_What is required_: Would you transcribe the entries below, beginning at the line with "總臺(tái)央視記者 張叢" and ending after the line with "2025年10月24日,做了一次回访,反应状态很好,大脑无症状!", exactly, with no picture and nothing more?

_Extracted information_:
=== Begin Enclosure ===

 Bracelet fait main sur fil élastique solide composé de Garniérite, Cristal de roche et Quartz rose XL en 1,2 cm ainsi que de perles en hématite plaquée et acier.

=== End Enclosure ===
=== Begin Enclosure ===

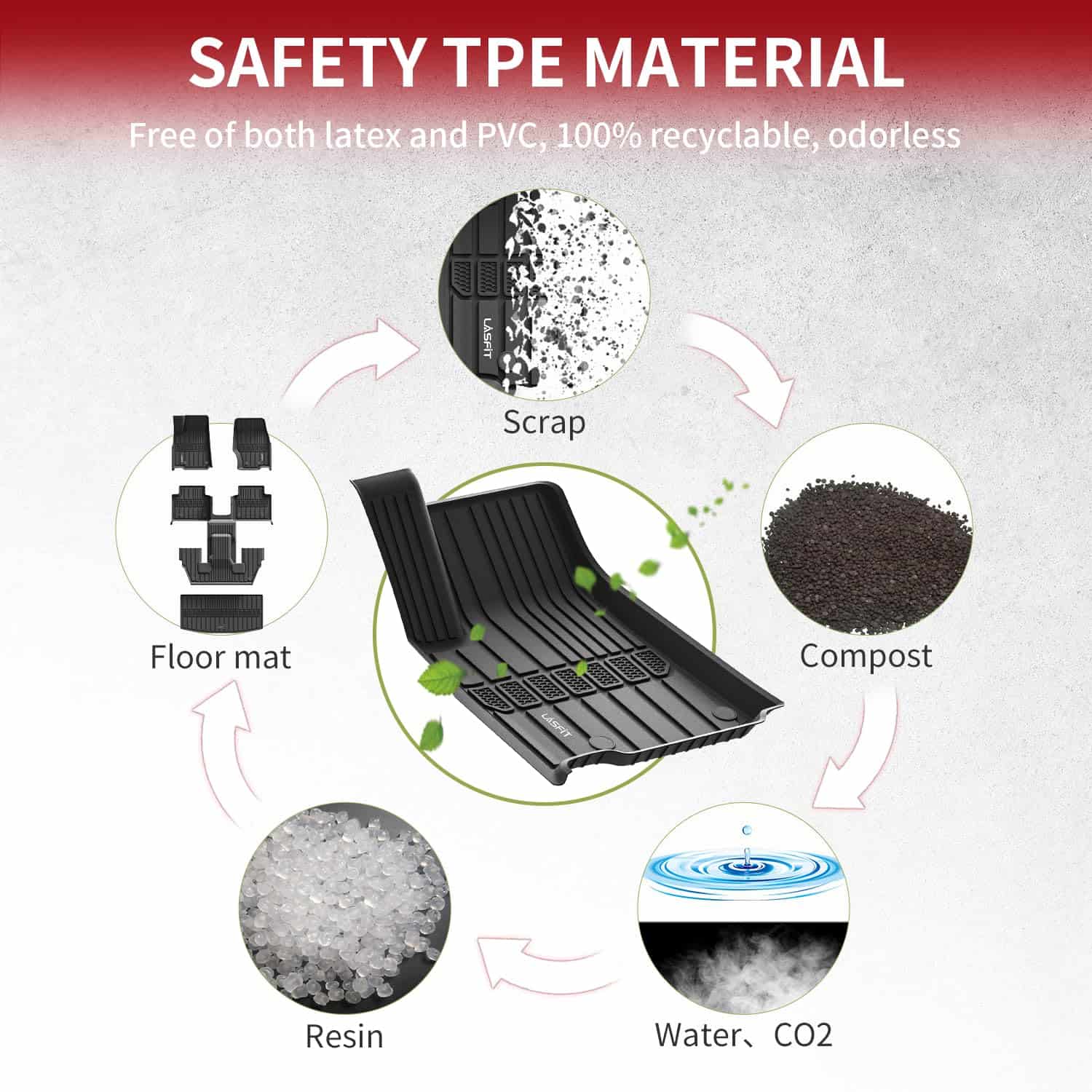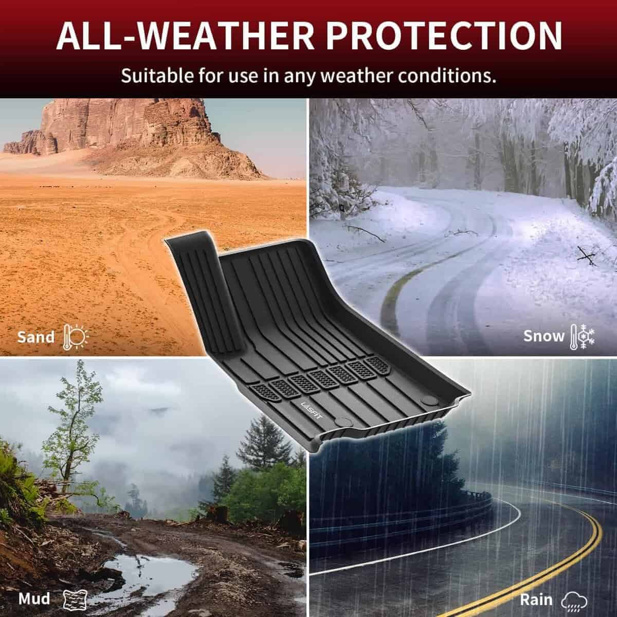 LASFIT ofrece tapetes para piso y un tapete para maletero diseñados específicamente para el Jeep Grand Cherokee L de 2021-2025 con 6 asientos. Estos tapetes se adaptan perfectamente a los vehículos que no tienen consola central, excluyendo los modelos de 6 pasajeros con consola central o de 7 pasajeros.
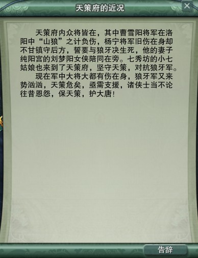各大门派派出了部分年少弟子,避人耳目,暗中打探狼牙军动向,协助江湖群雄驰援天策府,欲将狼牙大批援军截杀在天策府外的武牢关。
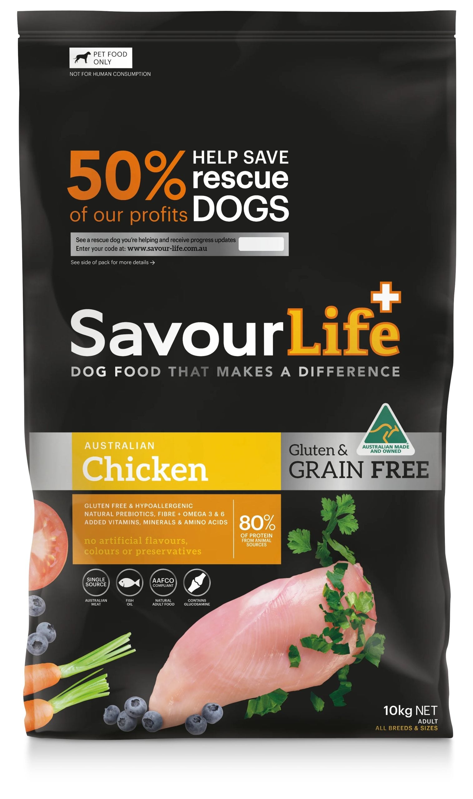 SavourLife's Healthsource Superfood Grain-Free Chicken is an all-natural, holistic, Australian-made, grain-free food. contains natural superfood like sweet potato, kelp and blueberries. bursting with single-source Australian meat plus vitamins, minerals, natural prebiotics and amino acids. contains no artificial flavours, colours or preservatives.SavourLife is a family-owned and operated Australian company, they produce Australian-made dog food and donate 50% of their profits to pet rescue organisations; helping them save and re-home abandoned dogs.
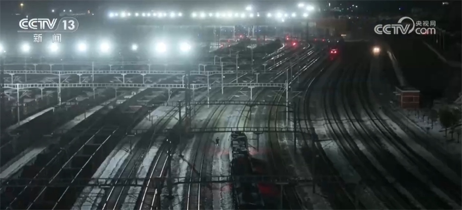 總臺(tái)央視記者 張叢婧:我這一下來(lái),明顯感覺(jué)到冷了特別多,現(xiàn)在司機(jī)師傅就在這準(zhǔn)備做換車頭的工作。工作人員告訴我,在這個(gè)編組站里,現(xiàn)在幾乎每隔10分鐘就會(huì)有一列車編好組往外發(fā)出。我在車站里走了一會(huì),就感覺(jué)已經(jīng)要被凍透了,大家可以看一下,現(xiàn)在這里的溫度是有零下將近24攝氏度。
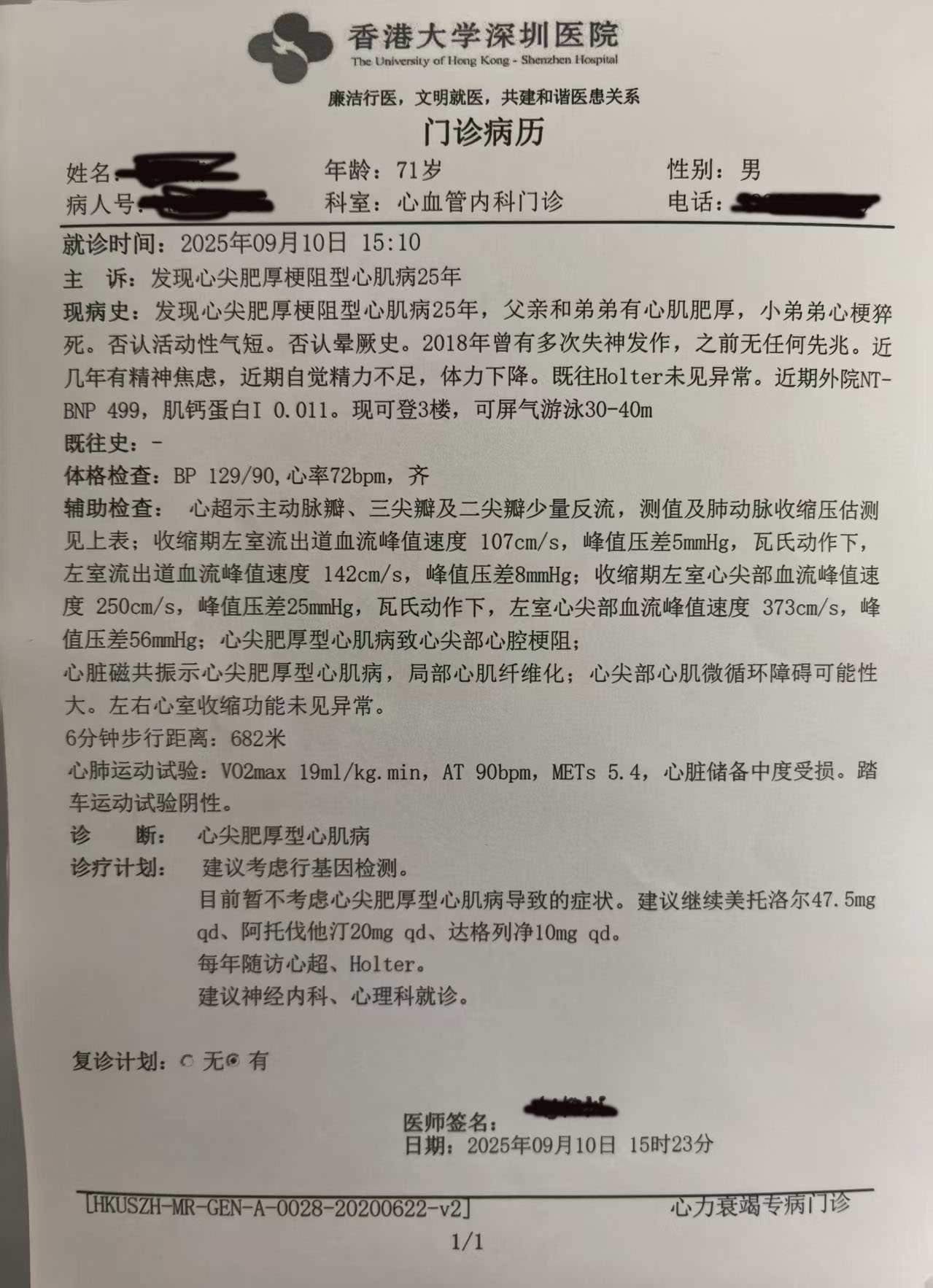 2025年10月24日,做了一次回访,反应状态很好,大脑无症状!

=== End Enclosure ===

_Response to the exercise_:
 總臺(tái)央視記者 張叢婧:我這一下來(lái),明顯感覺(jué)到冷了特別多,現(xiàn)在司機(jī)師傅就在這準(zhǔn)備做換車頭的工作。工作人員告訴我,在這個(gè)編組站里,現(xiàn)在幾乎每隔10分鐘就會(huì)有一列車編好組往外發(fā)出。我在車站里走了一會(huì),就感覺(jué)已經(jīng)要被凍透了,大家可以看一下,現(xiàn)在這里的溫度是有零下將近24攝氏度。
 2025年10月24日,做了一次回访,反应状态很好,大脑无症状!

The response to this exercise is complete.